Streamwise velocity spectrum (the NACA0021 airfoil flow simulation)

5 Conclusions

In this study, an improved IPDG method was adopted to conduct LES studies around cylinders and airfoils in accompany with various SGS models. From the numerical aspect, a lifting operator was introduced to prevent from the calculation of the homogeneity tensor.

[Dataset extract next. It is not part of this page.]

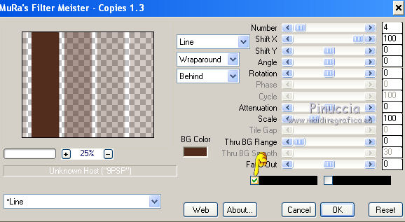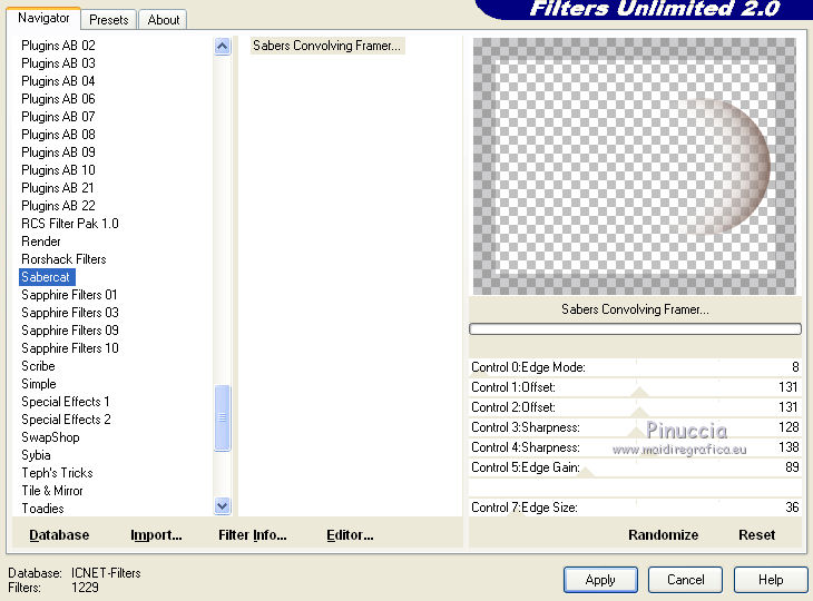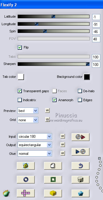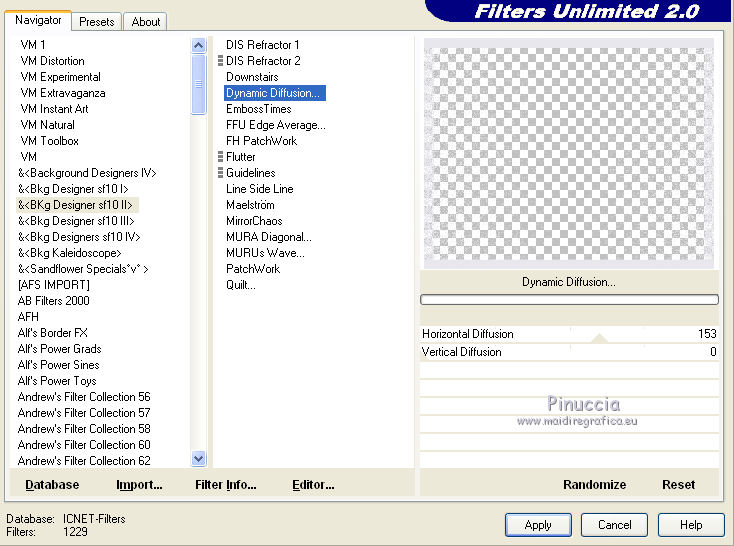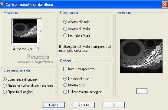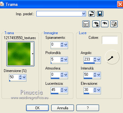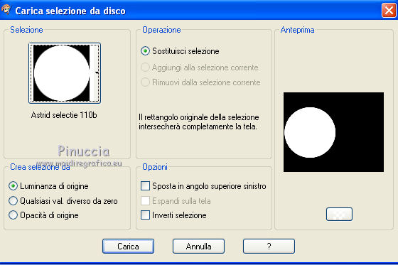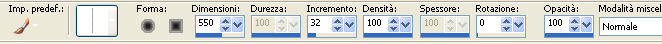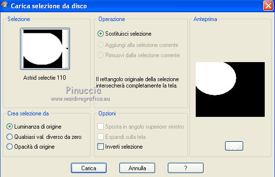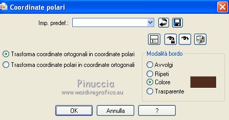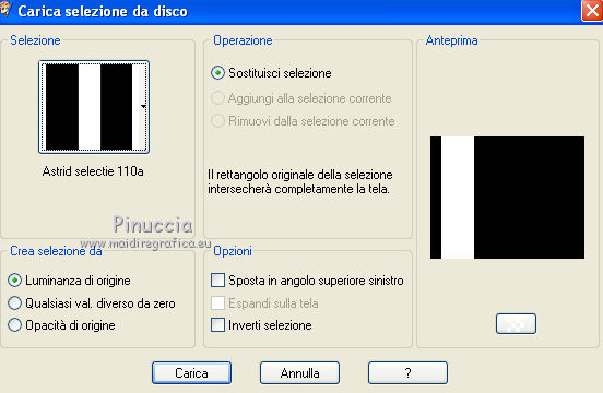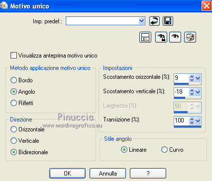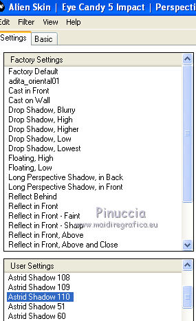 qui puoi trovare qualche risposta ai tuoi dubbi. Se l'argomento che ti interessa non è presente, ti prego di segnalarmelo. Per tradurre questo tutorial ho usato PSP X. Questo tutorial è una creazione di ©Araemae e non può essere copiato su altri siti nè essere offerto per il download. Lo stesso vale per la mia traduzione. Il materiale viene da vari gruppi di condivisione. Il copyright appartiene ai rispettivi autori. Grazie ai creatori dei tubes che mettono a disposizione il loro lavoro in vari gruppi di condivisione. Occorrente: Materiale qui Per il tube utilizzato grazie AnaRidzi Per la trama grazie Nikita Filtri: consulta, se necessario, la mia sezione filtri qui Simple - Blintz qui Filters Unlimited 2.0 qui &<Bkg Designer sf10II> - Dynamic Diffusion qui Sabercat - Sabers Convolving Framer qui Flaming Pear Flexify 2 qui Alien Skin Eye Candy 5 Impact qui Mura's Meister - Copies qui ![]() Metti il preset "Astrid_Shadow_110" nella cartella del filtro Alien Skin Eye Candy 5 Impact>Settings>Shadow. Cliccando sul file una o due volte (a seconda delle tue impostazioni), automaticamente il preset si installerà nella cartella corretta. Metti le maschere nella cartella Maschere. Metti la trama "1217493550_textures" nella cartella Trame. Metti le selezioni nella cartella Selezioni. se stai usando altri colori, sei libero di sperimentare le modalità di miscelatura più adatte 1. Scegli due colori dal tuo tube, imposta il colore di primo piano con il colore chiaro, e il colore di sfondo con il colore scuro. I miei colori: ![]() Passa il colore di primo piano a Gradiente, stile Sprazzo di luce. ![]() Apri una nuova immagine trasparente 800 x 600 pixels, e riempila con il gradiente.2. Livelli>Nuovo livello raster. Riporta il colore di primo piano al colore iniziale, e riempi con il colore di primo piano.3. Livelli>Carica/Salva maschera>Carica maschera da disco. Cerca e carica la maschera "Astrid masker 110". ![]() Livelli>Unisci>Unisci gruppo. 4. Selezione>Carica/Salva selezione>Carica selezione da disco. Cerca e carica la selezione "Astrid selectie 110". ![]() Premi sulla tastiera il tasto CANC. Selezione>Deseleziona. 5. Effetti>Effetti di bordo>Aumenta. 6. Passa il colore di primo piano a Gradiente, con i seguenti settaggi. ![]() 7. Livelli>Nuovo livello raster. Riempi il livello con il gradiente.8. Effetti>Plugins>Flaming Pear - Flexify 2. ![]() 9. Sposta la forma contro il bordo superiore.![]() 10. Livelli>Duplica. Immagine>Capovolgi. Livelli>Unisci>Unisci giù. 11. Effetti>Effetti di immagine>Motivo unico. ![]() Regola>Messa a fuoco>Metti a fuoco. 12. Livelli>Nuovo livello raster. Selezione>Carica/Salva selezione>Carica selezione da disco. Cerca e carica la selezione "Astrid selectie 110a". ![]() 13. Riempi la selezione con il colore di sfondo.Selezione>Deseleziona. 14. Effetti>Plugins>Mura's Meister - Copies. ![]() Abbassa l'opacità di questo livello al 50%. 15. Livelli>Nuovo livello raster. Selezione>Seleziona tutto. Riempi la selezione con il colore di primo piano.Selezione>Modifica>Contrai - 25 pixels. Premi sulla tastiera il tasto CANC. Selezione>Deseleziona. 16. Effetti>Plugins>Filters Unlimited 2.0 - &<BKg Designer sf10 II> - Dynamic Diffusion... ![]() 17. Livelli>Carica/Salva maschera>Carica maschera da disco. Cerca e carica la maschera 20-20. ![]() 18. Livelli>Duplica (il livello della maschera). ![]() Livelli>Unisci>Unisci gruppo. 19. Livelli>Nuovo livello raster. Selezione>Carica/Salva selezione>Carica selezione da disco. Cerca e carica la selezione "Astrid selectie 110b". ![]() Riempi la selezione con il colore di sfondo.Selezione>Deseleziona. 20. Livelli>Carica/Salva maschera>Carica maschera da disco. Carica nuovamente la maschera 20-20. ![]() 21. Livelli>Duplica. Livelli>Unisci>Unisci gruppo. Cambia la modalità di miscelatura di questo livello in Moltiplica. 22. Livelli>Duplica. Immagine>Rifletti. 23. Immagine>Ridimensiona, all'85%, tutti i livelli non selezionato. 24. Effetti>Plugins>Filters Unlimited 2.0 - Sabercat - Sabers Convolving Framer... ![]() 25. Apri "Astrid deco 110" e vai a Modifica>Copia. Torna al tuo lavoro e vai a Modifica>Incolla come nuovo livello. 26. Sposta l'elemento a destra,come nell'esempio. ![]() 27. Apri il tube "AR798" e vai a Modifica>Copia. non chiuderlo perchè ti servirà ancora Torna al tuo lavoro e vai a Modifica>Incolla come nuovo livello. 28. Regola>Sfocatura>Sfocatura gaussiana - raggio 10. ![]() 29. Effetti>Effetti di immagine>Motivo unico. ![]() 30. Effetti>Effetti di trama>Trama, seleziona la trama "1217493550_textures" con i seguenti settaggi. ![]() Cambia la modalità di miscelatura di questo livello in Luminanza (esistente). 31. Cambia nuovamente i settaggi del gradiente. ![]() 32. Apri "Astrid penseel 110". File>Esporta>Pennello personalizzato. Assegna un nome al pennello e ok. 33. Attiva lo strumento Pennello ![]() cerca il pennello che hai appena esportato ![]() e applicalo nella striscia chiara a sinistra, cliccando con il tasto sinistro del mouse per usare il gradiente di primo piano. ![]() Se il tuo PSP non supporta pennelli superiori a 500 pixels: prima di esportare il pennello: Immagine>Ridimensiona a 550 pixels di altezza, tutti i livelli selezionati. Dopo aver esportato e applicato il pennello, premi il tasto D per attivare lo strumento Deformazione ![]() e allunga il pennello come nell'esempio, allargandolo leggermente. ![]() 34. Effetti>Effetti 3D>Smusso a incasso. ![]() 35. Apri "Astrid tekst 110" e vai a Modifica>Copia. Torna al tuo lavoro e vai a Modifica>Incolla come nuovo livello. Sposta questo testo a destra.![]() Abbassa l'opacità di questo livello all'80%. 35. Apri "Astrid tekst 110a" e vai a Modifica>Copia. Torna al tuo lavoro e vai a Modifica>Incolla come nuovo livello. Sposta questo testo a sinistra.![]() Cambia la modalità di miscelatura di qusto livello in Moltiplica, e abbassa l'opacità all'80%. 36. Attiva lo strumento Penna ![]() ![]() 37. Inverti i colori della paletta dei materiali. ![]() 38. Tracci

From the turbulence modeling aspect, a truncation process was adopted within the test filtering procedure when the coefficient was dynamically updated in the dynamic model. The influences of SGS models and numerical dissipation have been comprehensively discussed through a cylinder wake simulation at Re = 3900. The following conclusions could be drawn.

  1. 1.

    It has been validated that the improved IPDG method can reach a precision of at least fourth order. In the cylinder wake simulation, the accuracy was validated in terms of pressure distribution, velocity and Reynolds stress profiles. When the dynamic subgrid model was adopted, the performances according to flow separation and vortex shedding frequency are consistent with the references with a maximum error of − 5.34%. Therefore, the modeled viscosity and dissipation characteristics of the present IPDG-LES framework have been verified.

  2. 2.

    The Smagorinsky model with a damping function, WALE, and dynamic subgrid models possess certain advantages over the original Smagorinsky model. Nevertheless, they do not consistently result in improved performance. In detail, the WALE model works well within the near-wall region, but the improvement is not evident in the wake region, leading to a relative error of − 12.50% when bubble length is concerned. Actually, the modifications of the damping function and WALE model mainly focus on the boundary layer behaviors. In comparison, the dynamic subgrid model is constructed based on scale similarity and local flow information, which are also valid in the wake region. In this way, the dynamic subgrid model provides the best result.

  3. 3.

    LLF fluxes with three artificial dissipation terms have been adopted to discuss the influence of numerical dissipation. Accidentally, the original LLF flux could achieve the highest precision, which could be interpreted by the development of the resolved viscosity. With the suppression of numerical dissipation, the velocity fluctuation is greatly enlarged and the relative error of bubble length is drastically increased to more than − 17.31%, which might be also attribute to the impact of the aliasing errors. To this end, the flux schemes should be delicately selected and the de-aliasing strategies should be implemented in the corresponding studies.

  4. 4.

    The ability to predict massive flow separation has also been validated through the NACA0021 airfoil flow simulation at Re = 2.7 × 105 and AOA = 60°. Our results are in coincidence with the references in terms of static pressure, streamline and viscosity distributions. Moreover, the capability of turbulence description has also been validated by Reynolds stress distributions and streamwise velocity spectrum.